Последний поезд
Перевод Елены Михайлик
— Слушай, у меня был тот еще денек, а до него та еще ночка. Что посоветуешь: двойной виски или лучше тройной?
— Тройной, конечно. – Я подал знак бармену. Джордж Уолси обычно был преисполнен американского энтузиазма, но уж если погружался в уныние, то добирался до самого дна. – Что дрожишь так, лишку хватил вчера? Или напитки были слишком холодные?
— Ни то ни другое. Расскажу – не поверишь.
— Сомневаешься в моей безграничной доверчивости?
— Да с чего бы? Просто эта история из тех, над которыми всегда смеются.
— Мне тоже смеяться?
— Еще чего! Но ведь это не просто серьезно, это страшно до смерти – хотя такое слово, пожалуй, лучше не употреблять. Я про смерть.
Джордж жадно отхлебнул виски, будто стремился опьянеть, а не удовольствие получить, и мне стало интересно, что же могло его так растревожить. У него светлая голова на широких и сильных плечах. Уж и не упомню, сколько лет он проработал на правительство, в скольких диковинных уголках мира побывал, выполняя разные щекотливые поручения. Вот уж кого невозможно представить охваченным паникой – но сейчас он сидит передо мной, белый как мел, и самым возмутительным образом переводит отменный «Гленливет».
— Так расскажи, – попросил я. – Похоже, дело и впрямь серьезное, и смеяться вовсе не хочется. У меня есть сигара, есть выпивка, и я весь внимание.
Джордж хрустнул пальцами и уставился в свой стакан.
— А может, и стоило бы поднять меня на смех. Может, я просто нализался до потери ума. Не знаю… Ладно, выслушай, а потом сам решишь. Это случилось вчера, поздно вечером, даже, пожалуй, уже сегодня, сразу после полуночи. Собрались старые друзья, обычное дело, спиртное рекой, в комнате жарко, а я подустал за день. Сидели в квартире на Эшбурн–гарденс, чуть в сторону от Кромвель–роуд. Выпил лишнего, и там не один я такой был, а глянул на часы – и глазам не поверил. У меня же в полвосьмого деловой завтрак, чтоб его! Сказал, что иду в туалет, это единственный способ смыться с такой вечеринки, схватил пальто и улизнул потихоньку.
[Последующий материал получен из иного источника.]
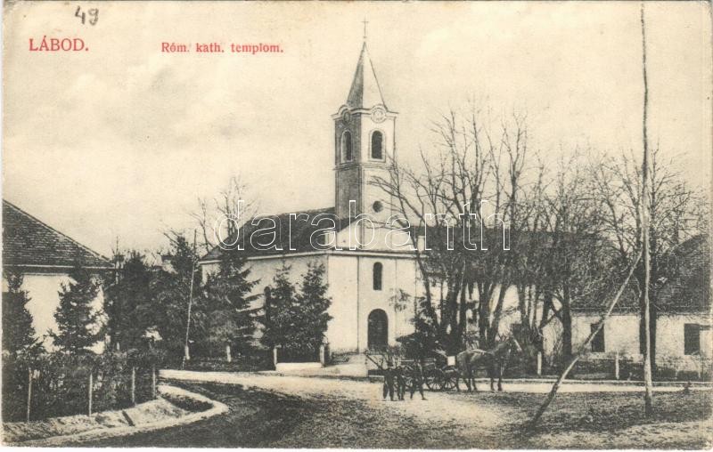 1921 Lábod, Római katolikus templom, lovaskocsi https://www.darabanth.com/de/386-Fernauktion/386.0/Ansichtskarten/Ungarn~1500005/1921-Labod-Romai-katolikus-templom-lovaskocsi~II2310900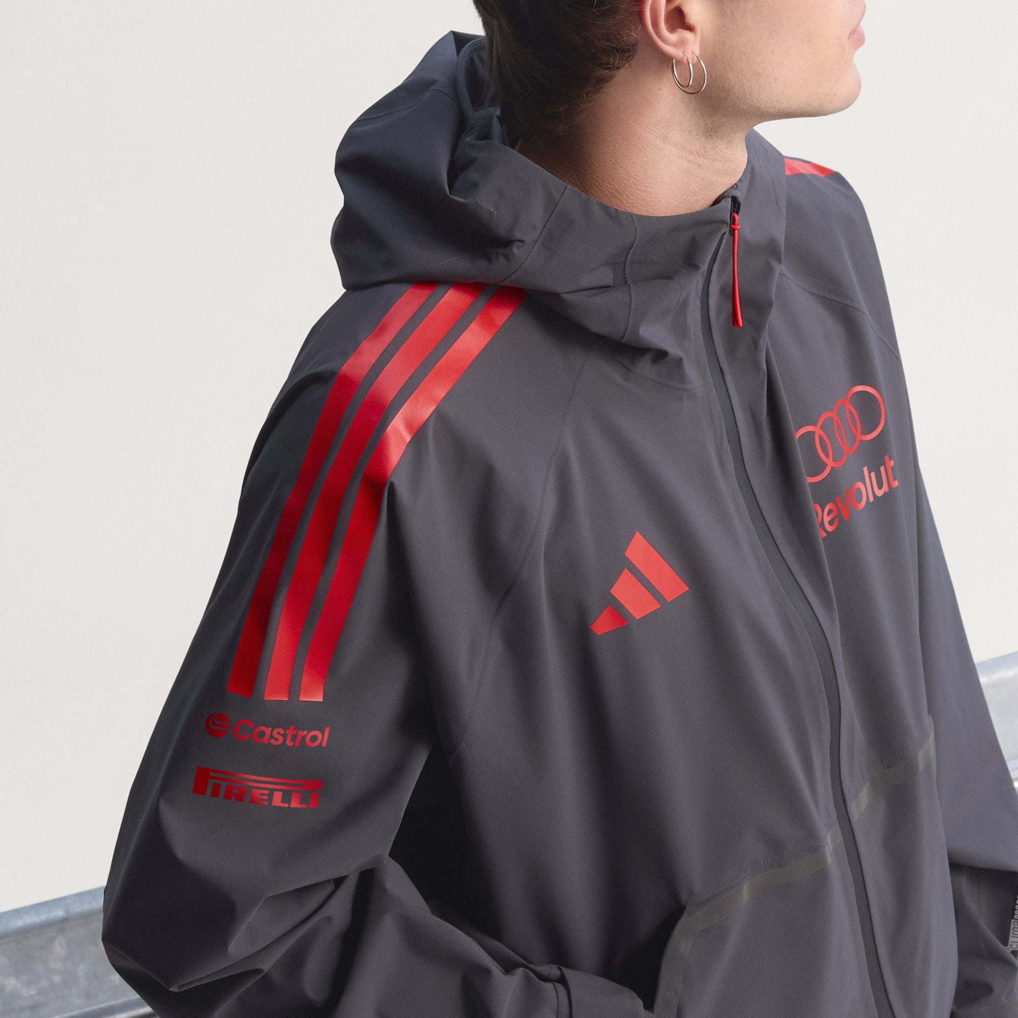 Vier de wereld van motorsport met het Audi Revolut F1® Team monteursregenjack, gemaakt voor wie het leven in de hoogste versnelling leeft. Dit jack houdt je niet alleen droog, maar helpt je ook de spirit van het Audi Revolut F1®-team te omarmen. Het regenjack is versierd met het motief van de vier ringen als verwijzing naar de precisie en prestaties die synoniem zijn aan het merk. Met praktische eigenschappen zoals ritszakken en verstelbare boorden is het even functioneel als stijlvol. Geïntegreerde Climaproof-technologie sluit het weer buiten en helpt zweet te ontsnappen voor droog, comfortabel en ongehinderd presteren. De waterdichte, ademende stof helpt je te beschermen tegen de elementen, terwijl de in twee richtingen verstelbare capuchon voor meer bedekking zorgt. Of je nu op het circuit bent of door de stad navigeert, dit jack is je go-to voor prestaties en stijl. Omarm de sensatie van motorsport en laat elk moment tellen.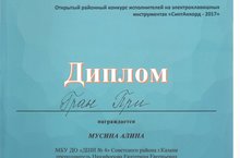 25 февраля 2017 года на базе МБУ ДО "ДМШ №19" Советского района г.Казани состоялся <span times="" new="" ',="" times,="" "="" style="outline: 0px">Четвертый Городской конкурс исполнителей на электроклавишных инструментах «СинтАккорд». Яркое выступление Мусиной Алины (пр.Никифорова Е.Е.) в номинации «Сочинение для клавишного синтезатора» вторая возрастная категория (10-12 лет) – Диплом ГРАН-ПРИ! Поздравляем!!!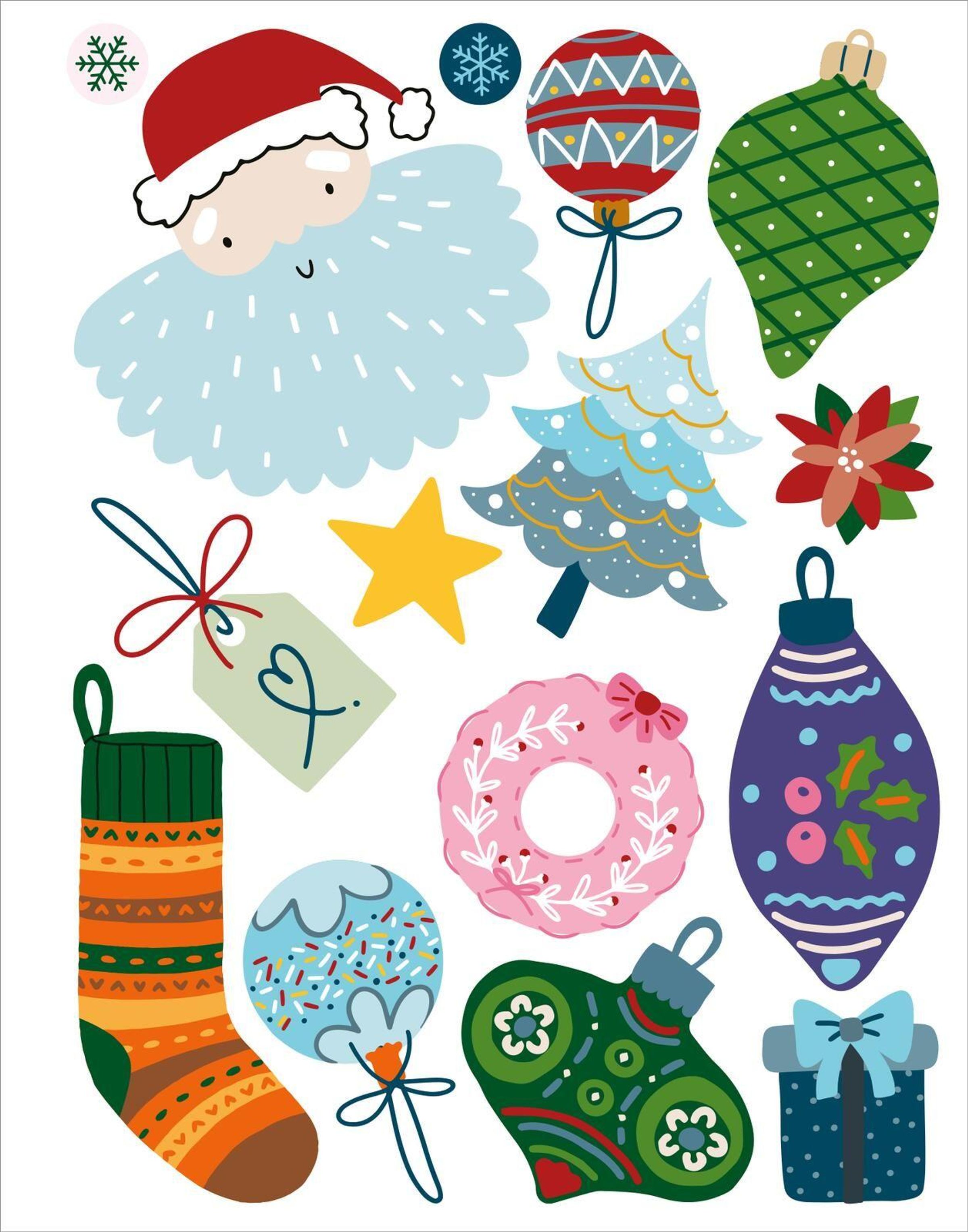 - Weihnachtsmotive: Kugeln, Sterne, Geschenke und Tannenbäume für stimmungsvolle Deko

На свежем воздухе полегчало, и я двинул пешком и вдруг сообразил, что иду не в ту сторону. Ночью в Кенсингтоне такси если и можно поймать, то разве что в аэропорту. Но я-то шел по Глостер–роуд и не хотел поворачивать назад. А прямо передо мной был вход в метро.
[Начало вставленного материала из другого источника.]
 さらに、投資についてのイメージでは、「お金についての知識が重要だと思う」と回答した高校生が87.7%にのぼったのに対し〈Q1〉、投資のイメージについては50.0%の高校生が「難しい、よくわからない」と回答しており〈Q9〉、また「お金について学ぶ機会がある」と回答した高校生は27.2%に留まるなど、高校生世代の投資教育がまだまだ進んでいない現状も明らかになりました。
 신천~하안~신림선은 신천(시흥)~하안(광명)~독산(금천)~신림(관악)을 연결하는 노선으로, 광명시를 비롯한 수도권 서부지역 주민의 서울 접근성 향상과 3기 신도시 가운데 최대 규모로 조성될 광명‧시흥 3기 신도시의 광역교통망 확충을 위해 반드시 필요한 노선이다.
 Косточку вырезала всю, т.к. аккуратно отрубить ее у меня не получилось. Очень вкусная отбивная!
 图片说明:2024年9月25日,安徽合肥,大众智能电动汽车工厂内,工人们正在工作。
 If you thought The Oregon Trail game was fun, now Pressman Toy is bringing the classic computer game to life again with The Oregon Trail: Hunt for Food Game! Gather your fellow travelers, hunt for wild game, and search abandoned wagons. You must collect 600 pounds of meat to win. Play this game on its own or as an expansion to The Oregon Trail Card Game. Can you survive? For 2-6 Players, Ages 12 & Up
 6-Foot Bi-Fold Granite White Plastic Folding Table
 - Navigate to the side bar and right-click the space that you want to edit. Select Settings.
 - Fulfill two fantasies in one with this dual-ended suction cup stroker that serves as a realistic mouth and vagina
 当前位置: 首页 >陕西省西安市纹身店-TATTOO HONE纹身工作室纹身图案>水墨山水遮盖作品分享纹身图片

Он сгреб арахис с тарелочки на стойке и съел всю пригоршню разом, жевал так жадно, словно это был его последний ужин. Я промолчал, выдохнул вместо ремарки дымное колечко, и некоторое время спустя он продолжил:
— Эту станцию я хорошо знаю, часто бывал на ней лет тридцать назад, – там совсем рядом, за углом, у правительства была секретная контора. Отличный образец викторианской железнодорожной архитектуры, обращал внимание? Линии «Дистрикт» и «Сёркл», названия прямо там, на этих вечных керамических плитках. Первое метро в Лондоне. Сплошная классика: и наземные участки, и паровозы на угле, и все такое прочее.
Мой приятель снова пригубил виски, пальцы на стакане побелели. Было понятно – даже ему самому, – что он боится говорить по существу дела. Все же решился, «закусил пулю», по любимой своей американской поговорке, и расправил плечи.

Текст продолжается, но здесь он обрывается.